Three overarching and urgent needs emerged from the debate: unified strategies for storing and interpreting genomic sequence data; mechanisms to protect patient privacy and prevent misuse of genetic data to stigmatize or discriminate against individuals; and the need for education—for physicians, medical geneticists, genetic counselors, and patients—on how to present and share sequence data and what it may or may not mean.
There was general support for the creation of an international, curated genotype/phenotype database to help accelerate and standardize data interpretation and understand differences based on ethnicity, and for an international, multidisciplinary body of experts that would establish underlying principles, monitor the field as it advances and evolves, help determine what filters are needed between sequence information and clinicians/patients, and devise strategies to protect individual privacy.

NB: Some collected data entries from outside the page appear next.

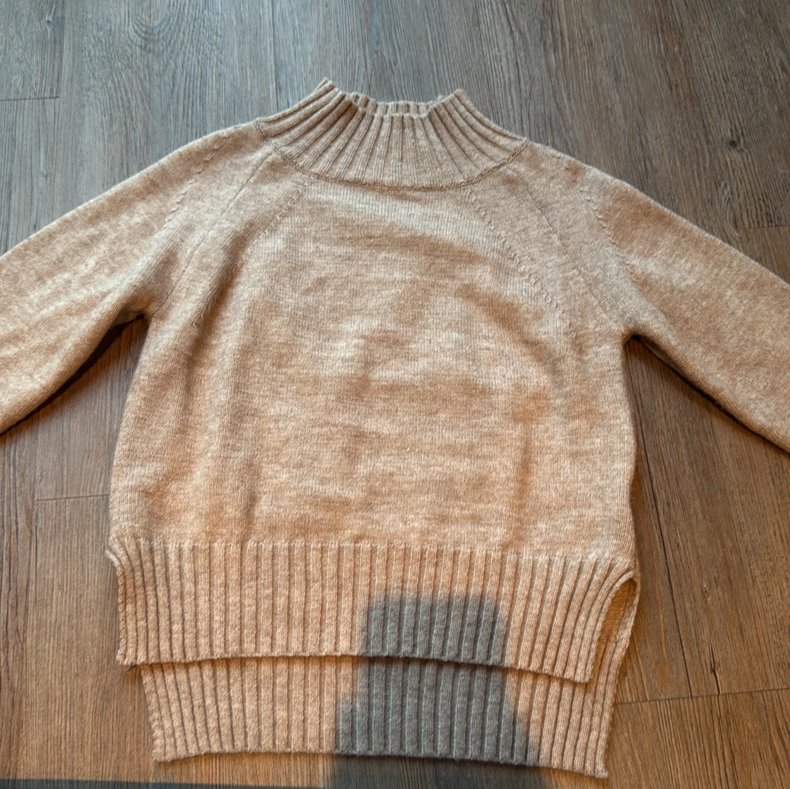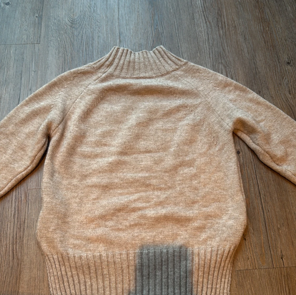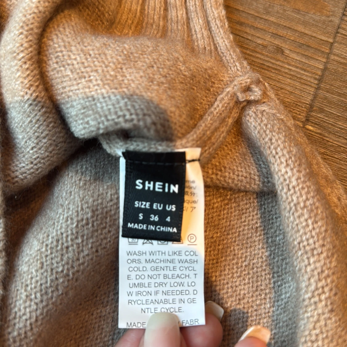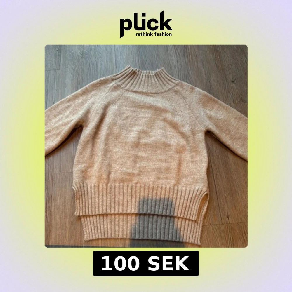 Säljer en beige stickad polotröja från Shein i storlek S. Tröjan har en hög ribbad krage och breda ribbade muddar vid nederkant och ärmslut. Perfekt för dig som gillar en enkel och clean look med lite oversized känsla.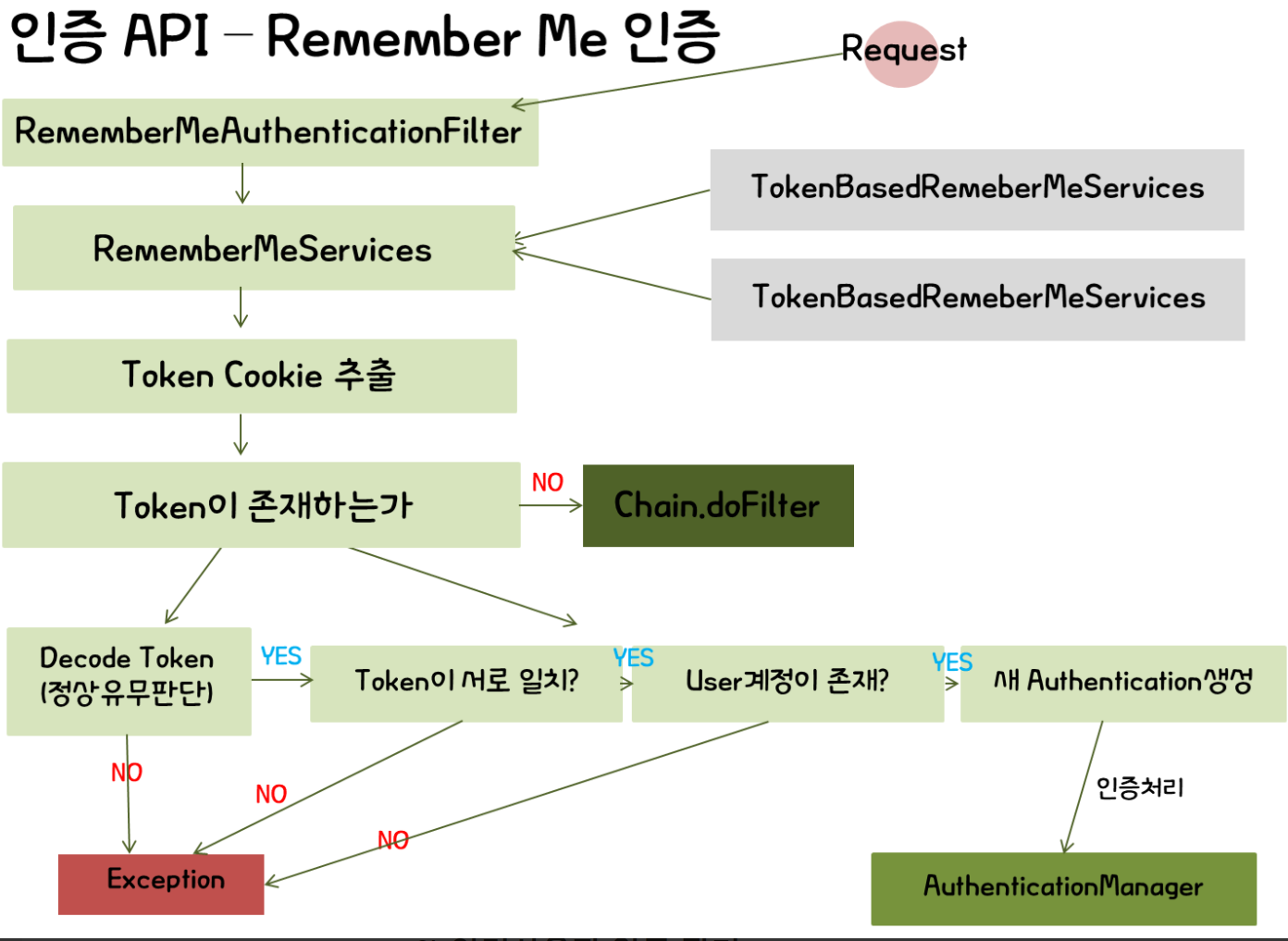 - Remember-Me 쿠키에 대한 Http요청을 확인한 후 토큰 기반인증을 사용해 유효성을 검사하고 토큰이 검증되면 사용자는 로그인 된다.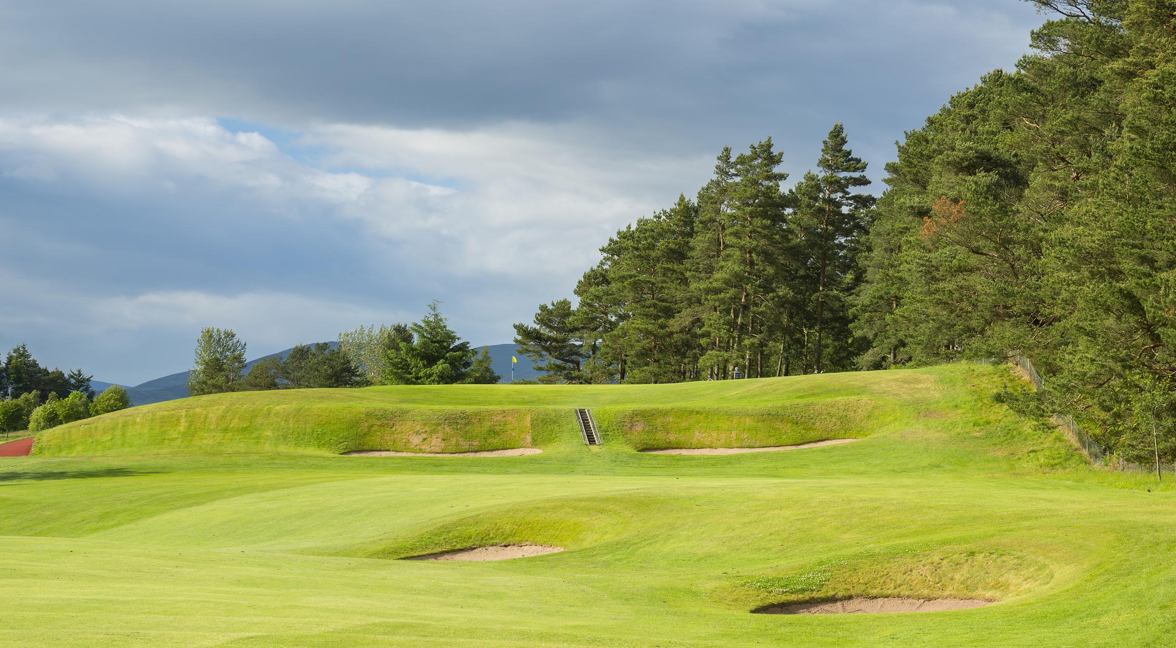 The first six holes of the course are laid out over flat parkland followed by six holes set in remote hilly woodland. The round is completed over undulating parkland with the course’s signature hole, the 9th – Murdie’s View – which is played to a backdrop of pine trees and the Cromdale Hills.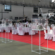Auf Einladung der schweizerischen Privatbank Pictet veranstalteten wir im Hangar der Business-Jet-Airline 'DC Aviation' bei einem exklusiven Business Event eine Kunstausstellung mit 3D-gedruckten Werken der international renommierten Künstler Nick Ervinck, Lionel T. Dean, Neri Oxman, Janne Kyttanen und Francis Bitonti.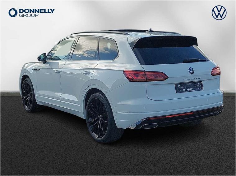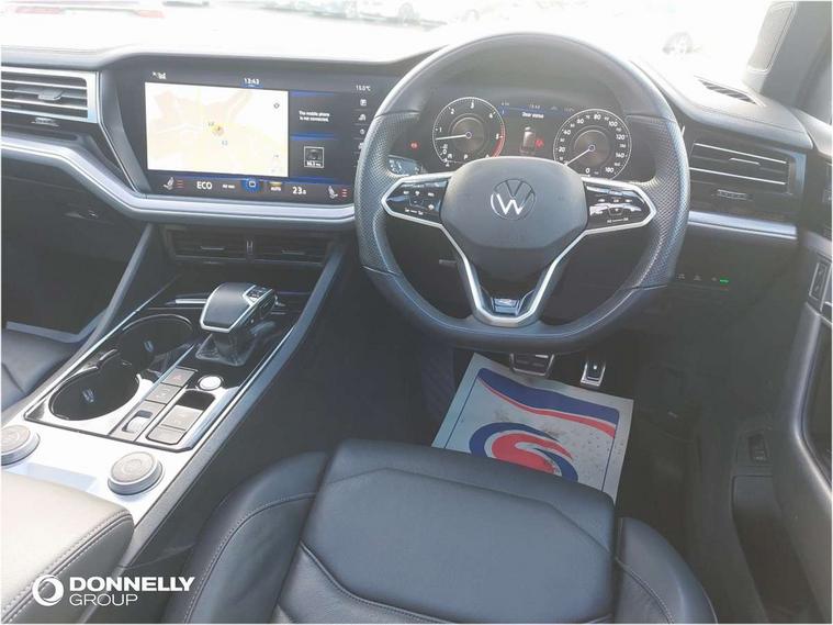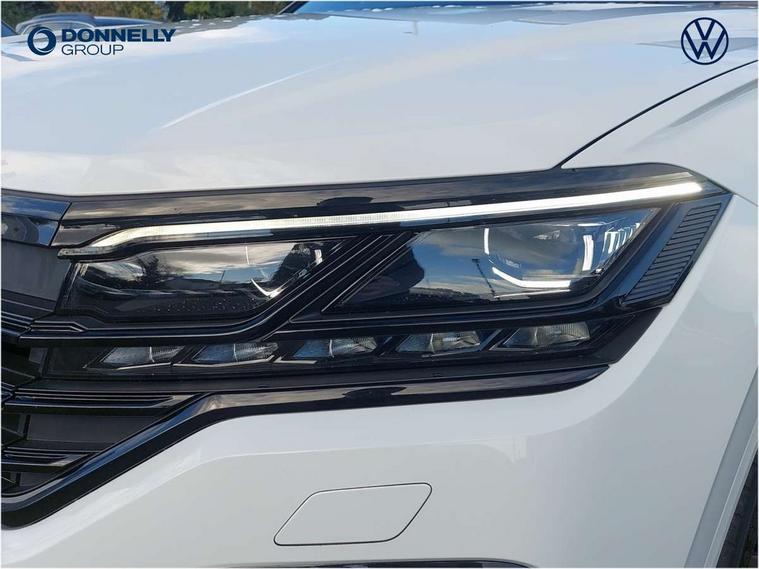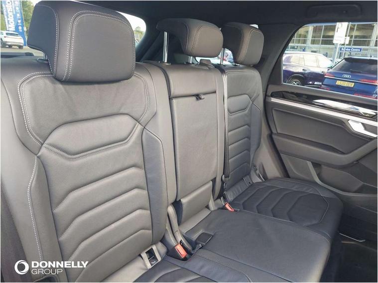 2D/3D map view, ACC - Adaptive cruise control with front assist, forward collision warning, distance monitoring, city emergency brake and speed limiter, Apple car play/Android Auto, Audible and visual fatigue detection system, Bluetooth hands free telephone connection, Car information display, Drive select with Damper control, Driver alert system, Driver profile selection, Dynamic road sign display camera controlled system with visual warning for traffic and road signs, eCall emergency system, Fully electric tailgate + keyless entry and start, Instrument cluster, MirrorLink, Multifunction camera, Multifunction computer premium with 7" colour display, One touch indicators with repeat function, Service interval indicator, Speed sensitive power steering, Start/stop system with regenerative braking, Tailgate power latch, Think blue trainer driver tips and journey analysis, Traffic sign recognition, Voice control system, Wireless Smartphone charger, 24 litre AdBlue tank, Torsen limited slip differential, DAB Digital radio, Dynamic navigation based on TMC+, Gesture control for infotainment system, Multi device interface (MDI) with illuminated USB-C connection, Music playback - MP3, WMA and AAC files, SD card slot, Simultaneous pairing of 2 compatible mobile devices, SMS functionality - read, compose and send SMS messages using touch-screen display, Title and cover art display, Volkswagen media control, Adaptive low beam for urban and motorway use, Auto dimming rear view mirror, Automatic coming/leaving home lighting function, Automatic headlights, Black anodised roof rails, Black door mirrors, Black rear diffuser, Black side window surrounds, Black upper and lower grille louvres extending into headlights and radiator grille, Body colour door handles, Body coloured wheel arches, C signature gloss black front air intake, Chromed tailpipe on the left and right integrated in the bumper with trapezoid design, Dusk sensor, Dynamic headlight range control, Electric front tilt/slide panoramic sunroof and fixed rear sunroof, Electrically power adjustable, heated, folding, auto dimming, front passenger exterior door mirror lowering function, Front and rear electric windows, Galvanised body, Gloss black finish B pillar, Gloss black rear diffuser, Headlight washers, Heat insulating darkened glass in side and rear windows, Heated windscreen washer jets, IQ.Light-LED matrix headlight, daytime running light with dynamic cornering light and indicator, LED 3rd brake light, LED rear fog light, LED rear number plate lights, Plastic scuff plates in door apertures, Poor weather light, Puddle lights, Rain sensor, Rear side wing doors, Rear wiper, 12V socket in front and rear centre console and boot, 2 Coat hooks on B pillar, 3 rear head restraints, 3 seat bench in 2nd row, 3 spoke sport heated leather multi-function sports steering wheel with gear shift paddles - generation 2, 4 way adjustable front head restraints, 4 way electric lumbar support for driver and front passenger, 4 zone climate control, 40:20:40 split folding slide/recline rear seat, B pillar vents, Black lower edge of door extending sills, Branded points of interest, Double sun visor for drivier and passenger with LED illuminated vanity mirrors, Electric luggage compartment cover, Folding rear centre armrest with 2 cupholders, Front + rear carpet mats, Front centre armrest with storage box, Gear shift indicator, Height/reach adjust steering wheel, Illuminated air conditioned glovebox, Isofix preparation for 2 rear child seats, Jack and tool kit, Leather trimmed gear knob with gloss black inlay/aluminum trim, Leatherette door trim, LED luggage compartment lighting, Load through provision, Luggage compartment with load lashing rings, Plastic loading edge protection, Rear seat remote release levers, Single front passenger seat, Soul black headlining, Stainless steel pedals, Innovision cockpit pack - Touareg, 3 point front seatbelts with pre-tensioners, ABS, Active bonnet, Automatic post collision braking system, Curtain airbags, Driver/Front Passenger airbags, EBD + Brake Assist, EDL, Electronic parking brake with auto hold, ESC with ASR, Front seat side impact airbags, Hill descent control, Hill start assist, Passenger airbag deactivate switch, Seatbelt warning lamp and buzzer, Three 3 point rear seatbelts, Two tone horn, Volkswagen roadside assistance, Warning triangle and first aid kit, Alarm with interior monitoring in cab, backup horn and towing protection, Child security locks for front and rear doors, Electronic engine immobiliser, Remote central locking, Black decorative trims on the side windows, High gloss black centre console,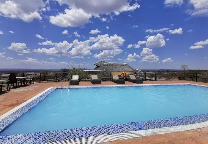 Från poolen har du också direkt utsikt över Serengeti och du kan ligga i poolen och njuta av landskapet och den vackra utsikten. Här kan du koppla av eller ta ett uppfriskande dopp efter en lång dag med upplevelser.

There was no consensus or definitive answers to several issues raised, such as how to pay for testing and what it will take to convince payers that whole-genome sequencing is cost-effective; what constitutes true informed consent; and who should have access to a patient’s sequence information.
The panelists challenged each other to delineate the point at which DNA sequence data has clinical utility—when it is “actionable” and how to define what actionable even means. Does it have to guide treatment decisions for a patient with a diagnosed disorder or is it actionable if it can simply improve quality of life and perhaps impact a person’s risk of developing a disease?
For example, would it be valuable to be able to tell patients they have a genetic trait associated with an increased risk of high cholesterol if it might encourage them to change their lifestyle and behavior to modulate that risk?
Another complex question arose: for WGS data collected now and stored for future use, who is responsible for maintaining, updating, and re-analyzing the data as new knowledge becomes available? And is there, in fact, a moral obligation to reanalyze the information and report the results to patients?
Where clear differences of opinion emerged was in discussions comparing the short-term and long-term value of targeted genomic sequencing, whole-genome sequencing, and exome sequencing. Should the focus be on collecting WGS data because there is more of it and because we can or is it more appropriate and cost-effective to redo targeted sequencing as needed?